Concurrently, in the Netherlands, a particularly vibrant artistic culture developed, the work of Hugo van der Goes and Jan van Eyck having particular influence on the development of painting in Italy, both technically with the introduction of oil paint and canvas, and stylistically in terms of naturalism in representation. (for more, see Renaissance in the Netherlands). Later, the work of Pieter Brueghel the Elder would inspire artists to depict themes of everyday life.[31]
In architecture, Filippo Brunelleschi was foremost in studying the remains of ancient Classical buildings, and with rediscovered knowledge from the 1st century writer Vitruvius and the flourishing discipline of mathematics, formulated the Renaissance style which emulated but most importantly improved on classical forms. Brunelleschi's major feat of engineering was the building of the dome of Florence Cathedral.[32] The first building to demonstrate this is claimed to be the church of St. Andrew built by Alberti in Mantua. The outstanding architectural work of the High Renaissance was the rebuilding of St. Peter's Basilica, combining the skills of Bramante, Michelangelo, Raphael, Sangallo and Maderno.
The Roman orders types of columns are used: Tuscan, Doric, Ionic, Corinthian and Composite. These can either be structural, supporting an arcade or architrave, or purely decorative, set against a wall in the form of pilasters. During the Renaissance, architects aimed to use columns, pilasters, and entablatures as an integrated system. One of the first buildings to use pilasters as an integrated system was in the Old Sacristy (1421–1440) by Filippo Brunelleschi.

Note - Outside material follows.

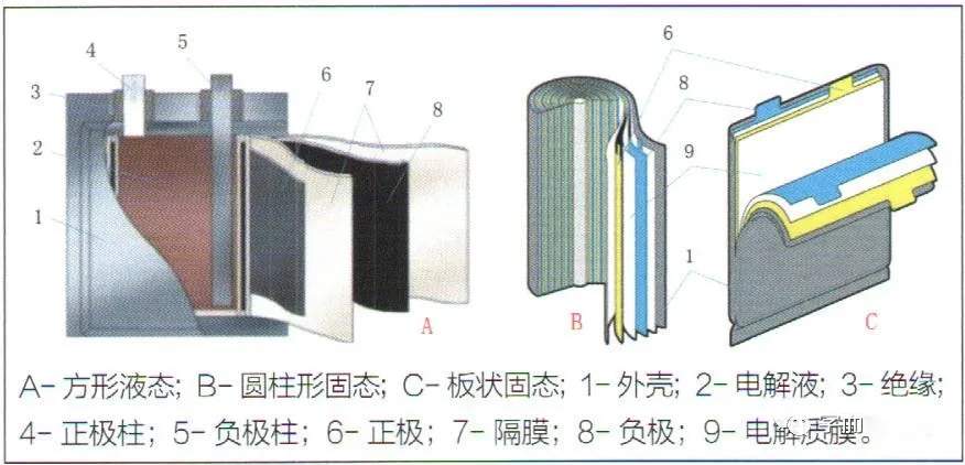 單體電池的形狀有方形、圓柱形、板狀等,如圖2所示。方形又分方形疊片式、方形卷繞式;圓柱形又分圓柱疊片式、圓柱卷繞式。包裝類型有硬包、軟包,硬包使用鋼殼、鋁殼,軟包使用鋁塑。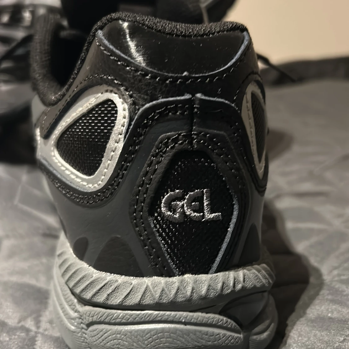 Säljer ett par svarta och silverfärgade ASICS GEL skor. Säljer dom pågrund av att dom är för små för mig. Jag har sko boxen kvar.

Arches are semi-circular or (in the Mannerist style) segmental, are often used in arcades, supported on piers or columns with capitals. There may be a section of entablature between the capital and the springing of the arch. Alberti was one of the first to use the arch on a monumental. Renaissance vaults do not have ribs. They are semi-circular or segmental and on a square plan, unlike the Gothic vault which is frequently rectangular.
Renaissance painting bridges the period of European art history between the art of the Middle Ages and Baroque art. Painting of this era is connected to the "rebirth" (renaissance in French) of classical antiquity, the impact of humanism on artists and their patrons, new artistic sensibilities and techniques, and, in general, the transition from the Medieval period to the Early modern age.
In the visual arts, significant achievements occur around 1400 in both Italy and north of the Alps. Masaccio's art and the writings of Leon Battista Alberti helped establish linear perspective and the idealisation of the human body as primary ideas of Italian Renaissance painting in the early 15th century. Likewise, Early Netherlandish artists such as Jan van Eyck were innovators in oil painting and intuitive spatial compositions. The brief High Renaissance (c. 1500–1520) centred around Leonardo da Vinci, Michelangelo and Raphael in Florence and Rome, was a culmination of the Italian achievements, while artists like Albrecht Dürer brought a similar level of intellectual and artistic innovation to northern Europe. Late Renaissance painting, from about 1520 until the end of the 16th century, is marked by various Mannerist tendencies that spread from Italy through the rest of Europe.